How a Divorce Financial Planner Can Ease Your Transition
Every month, I offer a workshop to women in my community who are either contemplating divorce or in the early stages of divorce. On the second Saturday of each month, we invite a therapist and a family law attorney to discuss various dynamics of divorce: emotional, legal, and financial. We cover a lot of basics. Most interesting is the fact that many attendees don't even think to involve a financial planner in the early stages of their divorce ... but that is exactly when they should be involved.
A well-trained divorce financial planner can help you understand the value and tax pitfalls of your marital estate. They can help propose or analyze settlement options, assist in completing your mandatory financial disclosure, and accurately estimate child and spousal support.
When your divorce finalizes, your divorce financial planner can also make sure your settlement is optimized to put you in the best position to thrive.
Many people feel intimidated about leaving their current marital situation, even when they know it's unhealthy. Why? Often, they just don't know how to plan for the transition.
In an emotionally charged time of uncertainty, a divorce financial planner will advocate for you, provide a transition plan, and help you follow it.
What a divorce financial planner helps you do
As a divorce financial planner, my job is to help you plan for three distinct phases of the divorce process.
Phase 1: Preparing to separate
Preparing to separate takes intentional emotional and financial planning.
Emotionally, you are transitioning from part of a marital unit to independence. This entails living on your own, organizing your own budget, and spending your time in new ways. In many cases, a therapist can be a helpful and objective third party to assist with the emotional transition.
Financially, your data gathering needs to start here. You need easy access to all financial statements, online access to accounts, tax returns, pay stubs, employee benefits plans, stock option and RSU plans, and so on. I advise collecting this documentation as a first step. The reason is that in divorce, things tend to go "missing" very quickly. You want to be proactive about your preparation – not reactive.

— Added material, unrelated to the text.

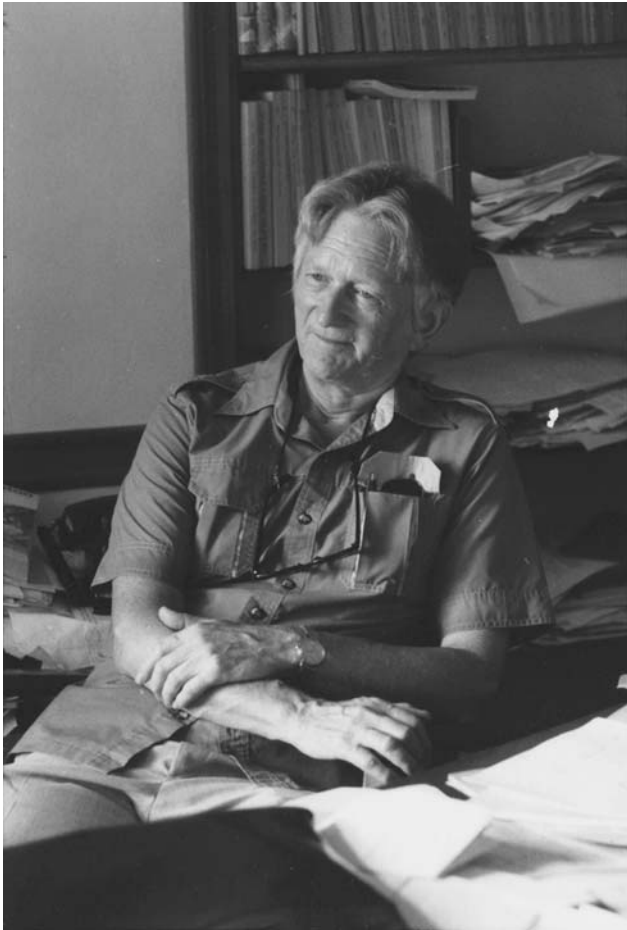
Figure 2. Atle Selberg, 1981.

Both were prodigies. Erdős (so the stories go), at age five, realizing that 250 less than 100 is 150 below zero. Selberg, at age seven, showing that the difference between consecutive squares is an odd number. They were both winners of the prestigious Wolf Prize. But in (at least) two ways, however, their mathematical styles were antipodal.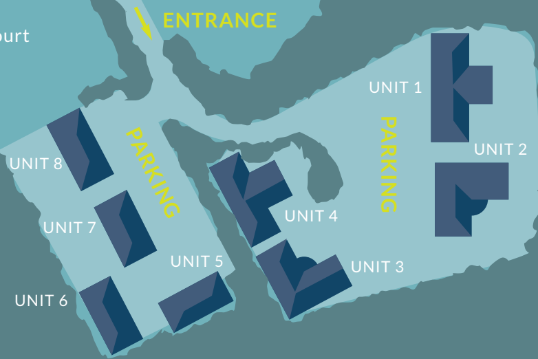
Swanwick Court site map

ALFRETON IS SITUATED IN THE ADMINISTRATIVE REGION OF AMBER VALLEY, LYING ADJACENT TO THE A38 DUAL CARRIAGEWAY, APPROXIMATELY 13 MILES TO THE NORTH OF DERBY, AND A SIMILAR DISTANCE NORTH WEST OF NOTTINGHAM.

Advice: Before you separate, use joint funds to repair or buy your automobile, pay off bills, or repair your home. Begin your divorce with joint expenses already paid rather than arguing about who should pay them later. Cancel all joint credit cards. You don't want to be liable for charges your ex puts on the cards since debt is community property as well.

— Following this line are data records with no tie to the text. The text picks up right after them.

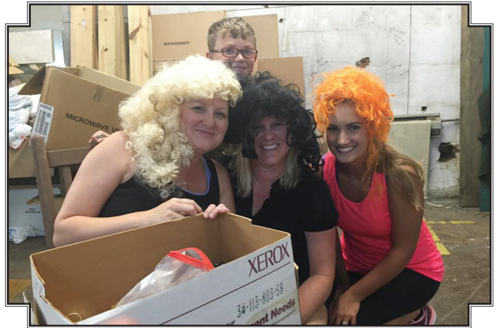
Marking Party Fun!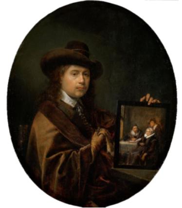
Fig 4. Gerrit Dou, Self-Portrait Holding a Portrait of His Parents and Brother , ca. 1649, oil on oval panel, 27 x 23 cm, Herzog Anton Ulrich-Museum, Braunschweig, inv. no. GG 303.

Leiden painters found their most important new patrons among burghers,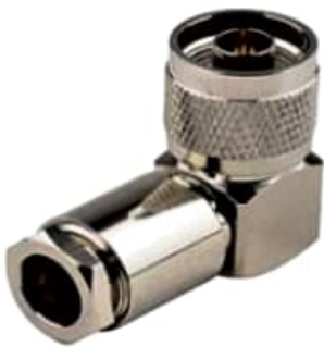
N (M) RIGHT ANGLE CONNECTOR (CLAMP)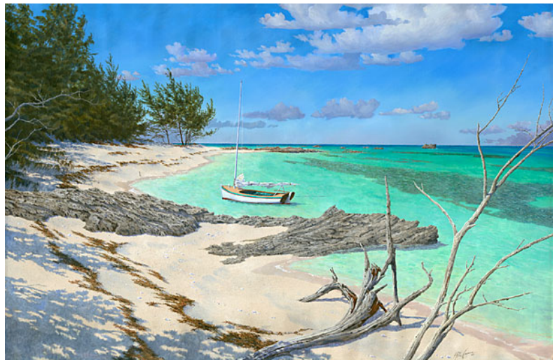
“An Island Far Away” oil (03-22) Image: 40” x 60” Framed: 48” x 68” $23,500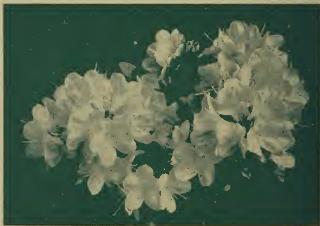
SALMON QUEEN—6-8 inch Size

SALMON QUEEN — Large size, single flowers of salmon-pink are produced in great profusion in mid-season. One of the most attractive.

Phase 2: Preparing to divorce
During this phase, a divorce financial planner's job is to analyze. Once you separate and decide to move forward with a divorce, you must begin the process by filing initial paperwork. (Hello Divorce helps you with that.) Then, you must disclose to each other what your income and expenses are as well as your assets and debts. Since you have already done all of your data gathering, it's now time to analyze which assets to keep and what your support options are, if any.
Your divorce financial planner can help you make sense of all the assets you own. More importantly, they can help you understand how they can facilitate your transition through divorce and beyond.

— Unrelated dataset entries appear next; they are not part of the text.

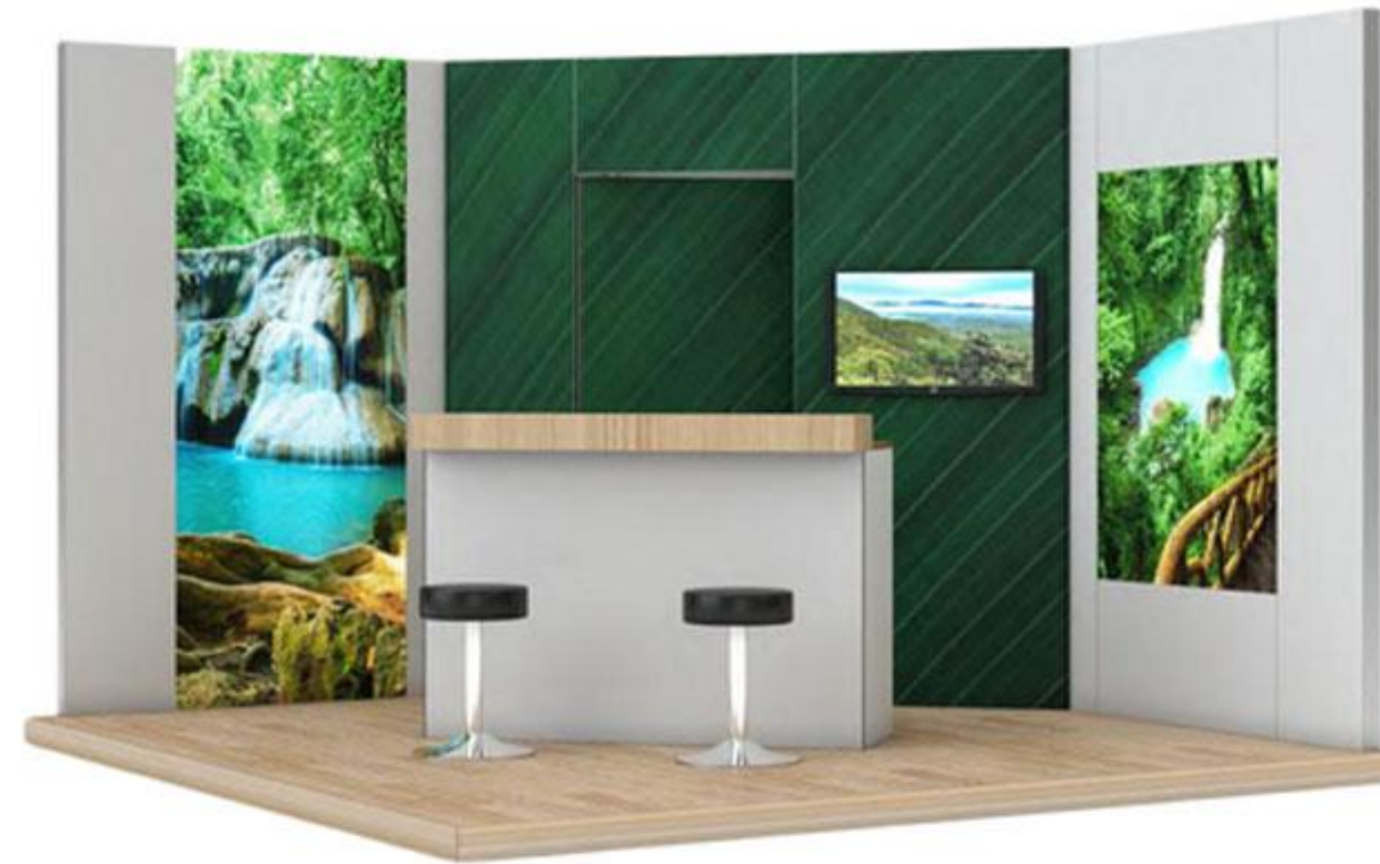
Accessories: Elegant aluminium surface with system groove integration of LED panels.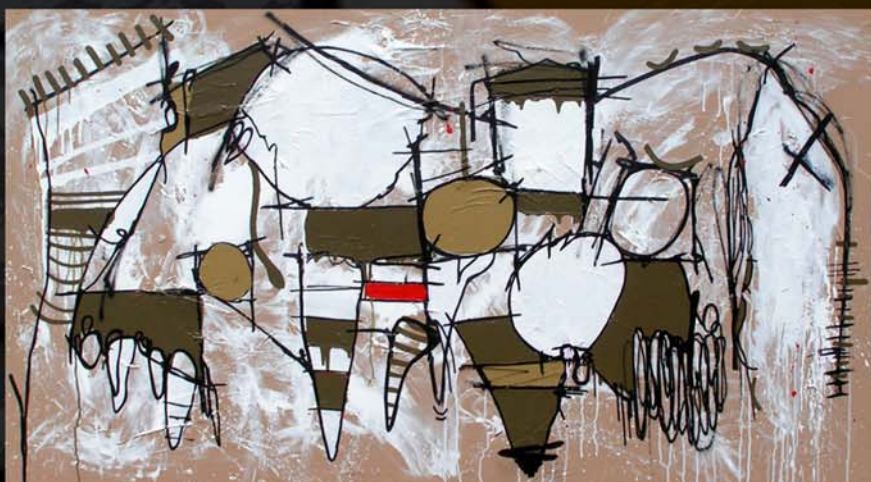
Em cinco pés 2008, 100 x 181 cm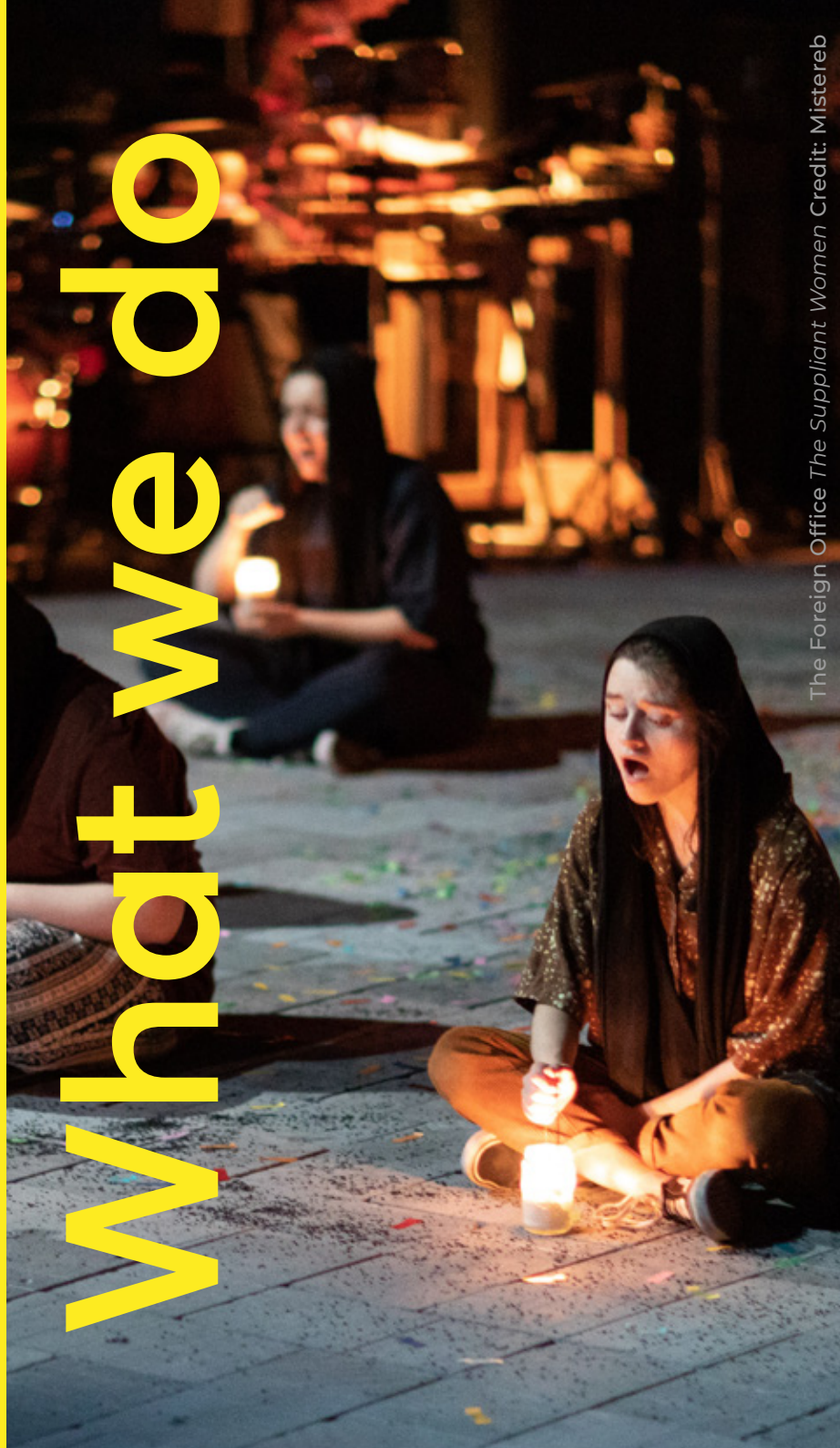
The Foreign Office The Suppliant Women

Docking Station – when completed in 2025 this digital state-of-the-art creative space in Medway will house iCCI.

Common questions we address are:
- Should the home be sold?
- Does it make sense to buy out my spouse or let them buy me out?
- Should you be positioning for real estate, retirement, or pension assets if you need cash now?
- What are the true values of RSUs and stock options, and how can they be divided fairly?
Your tax returns and paystubs are important items to analyze when it comes to child and spousal support. I like to take an educational approach with clients and collaborate with them because, for some people, this is the first time they've even looked at such documents in detail.
Advice: Divorce is a cash-intensive process. Once you separate, if you are working, open a separate account. Divert your paycheck to that account. Make sure you have access to other forms of cash as well (i.e., bank or brokerage accounts, credit cards, home equity line of credit, or 401(k) loans).
Phase 3: Life after divorce
Once your divorce finalizes, it's time to put yourself first. You want to thrive in your next chapter. Your financial disclosures are now a planning tool that, with the help of your financial advisor, will help you do just that.
Many people haven't set goals or don't know where to start, so we work on them together. It may be retirement, a new home, a large move, a career change, travel, or caring for elderly parents. Whatever it is, the portion of the marital estate you end up with defines your ability to fund these goals.
The goal-setting process is an important time to ask yourself some overarching philosophical questions. Many of us struggle to form an identity after marriage because it's been all about our spouse and children.
Advice: I am giving you permission to start taking care of you. What do you want your life to look like? How do you want to spend your time? What inspires you? How can your money and resources help you live the life you want to live?
We implement your financial plan based on your answers to these questions. This includes updating beneficiaries on your accounts, tax planning, retirement planning, analyzing stock options, and updating your estate plan.
If you're feeling lost and alone right now, know that there is hope. I am here to help facilitate and inspire an otherwise less-than-desirable situation, and Hello Divorce is full of articles and resources to help show you the way.
It was Socrates who said, "The secret of change is to focus all of your energy not on fighting the old but building the new." With the right help and planning, the "new" will be easier to build than you think.